Company: Evolution Security GmbH - (Vulnerability Laboratory )
Representative & Owner: Benjamin Mejri (Kunz)

Domains: www.vulnerability-lab.com or www.vuln-lab.com
Administration: [EMAIL] [PGP KEY]

General Information
Vulnerability-Lab does not endorse or recommend any commercial products, processes, or services. The views and opinions of authors expressed on the Vulnerability-Lab and the VMA do not necessarily state or reflect those of Vulnerability-Lab. All files on this website have been checked for viruses or evil malicious functions. However, Vulnerability-Lab accepts no responsibility for any damage caused by viruses, exploits or any other code suffered as a result of using this site. All files viewed and/or downloaded are at the user's own risk. We do our best to transfer all poc with secure or modified content to the free accessable main website of v-lab.
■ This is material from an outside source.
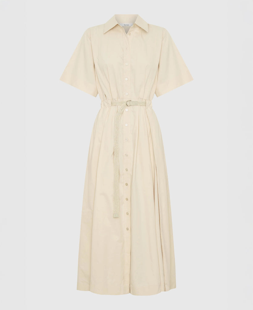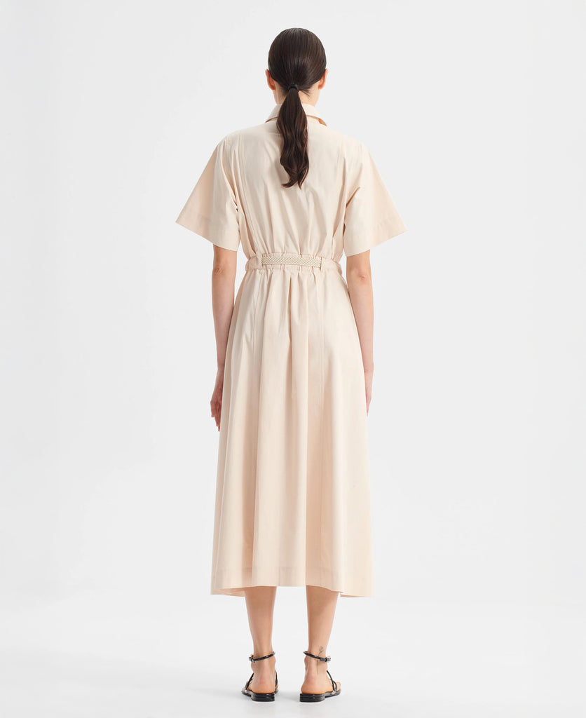Crafted in cotton twill, the Ingrid Shirt Dress combines structure with ease. A traditional collar, button front, and tailored bodice create polish, while short sleeves and tunnel waist detailing add interest. Finished with an A-line midi skirt and contrast belt, it’s a versatile piece for everyday or occasion wear.
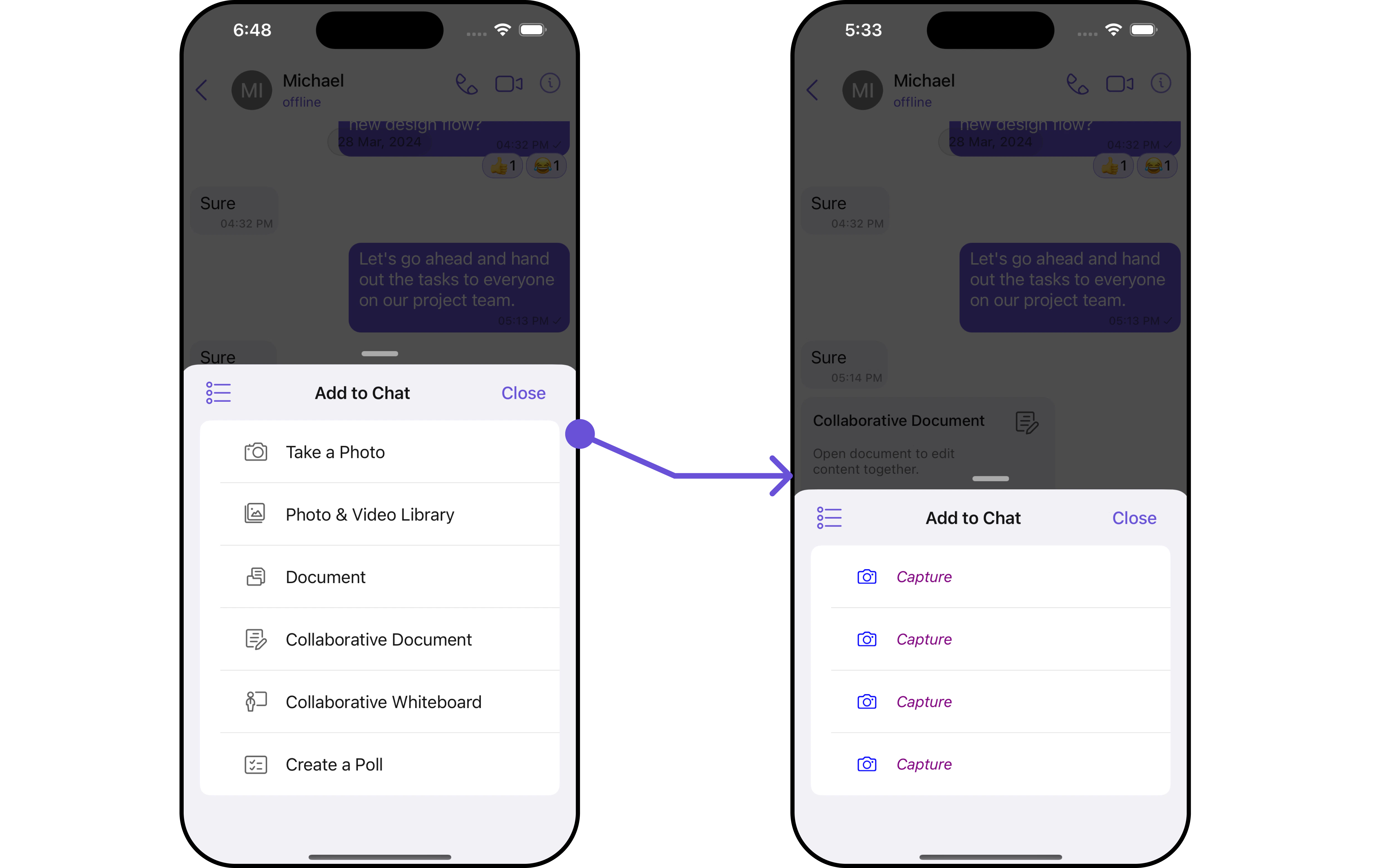 You can insert a custom view into the MessageComposer component to add additional functionality using the following method.- Swift

Justice, Law , Hacker Paragraph & Co. ... ?
We work & program in a local isolated environment and do not use hacker tools. We analyze vulnerabilities with professional resources and skills. Research Team will never publish hacking programs or any type of illegal stealer programs. Which are but not limited to phishing kits, bank trojans or exploit kits. We pay extra attention to follow all necessary German/European laws, but use our right to exchange information in a normal way! All the submitted vulnerabilities will only be shared with the manufacturer of the product (days/weeks before publishing) and after that their published to protect your local environment. If submissions contain malicious code or illegal comments or details, the problem section will be removed/modified or replaced with something harmless. This to protect the vendor and after publishing all users of the Vulnerability Laboratory & Co. We do not approve or encourage anybody to break any vendor licenses, policies, deface websites, hack into databases or trade with fraud/stolen material. We do not publish advisories/vulnerabilities of religious, militant and racist hacker/analyst/researcher groups or individuals. We have no need for criminal activities or membership requests. Those kind of requests will be deleted instantly without any comment.

External Links & Websites
The Vulnerability-Lab may contain links to or may be accessible from links within related or unrelated World Wide Web sites and resources. Vulnerability-Lab shall not be liable for any loss, injury, claim, liability, or damages, especially caused by viruses, damages of any kind arising out of or in connection with such links. You should direct any concerns regarding any outside link to its site administrator. You may be transferred to other third party sites through links from our site. You are cautioned to read the external websites “Terms of Conditions” and “Privacy Policies” before using them, in order to be aware of their terms and conditions of use. These sites may contain information or material that is illegal, unreasonable or that some people may find inappropriate or offensive. These other sites are not in anyway under the control of Vulnerability-Lab , are not monitored or reviewed by Vulnerability-Lab , and Vulnerability-Lab is not aware of their contents. You acknowledge that Vulnerability-Lab is not responsible for the accuracy, copyright compliance, legality, decency, or any other aspect of the contents or any transmissions received through such sites. The inclusion of such a link does not imply endorsement of the site by the Vulnerability-Lab or any association with its operators and is provided solely for your convenience. You agree that Vulnerability-Lab has no liability whatsoever from such third party sites and your usage of them. Users cannot assume that the external sites will abide by the same policies to which Vulnerability-Lab adheres. The Vulnerability Laboratory and the Evolution Security GmbH will not be held liable for any delays, inaccuracies, errors or submissions in the Vulnerability Laboratory, in the transmission or delivery of all or any part thereof, or for any damages arising from any of the foregoing. The Evolution Security GmbH and the Vulnerability Laboratory Program does not represent or endorse the accuracy or reliability of any content.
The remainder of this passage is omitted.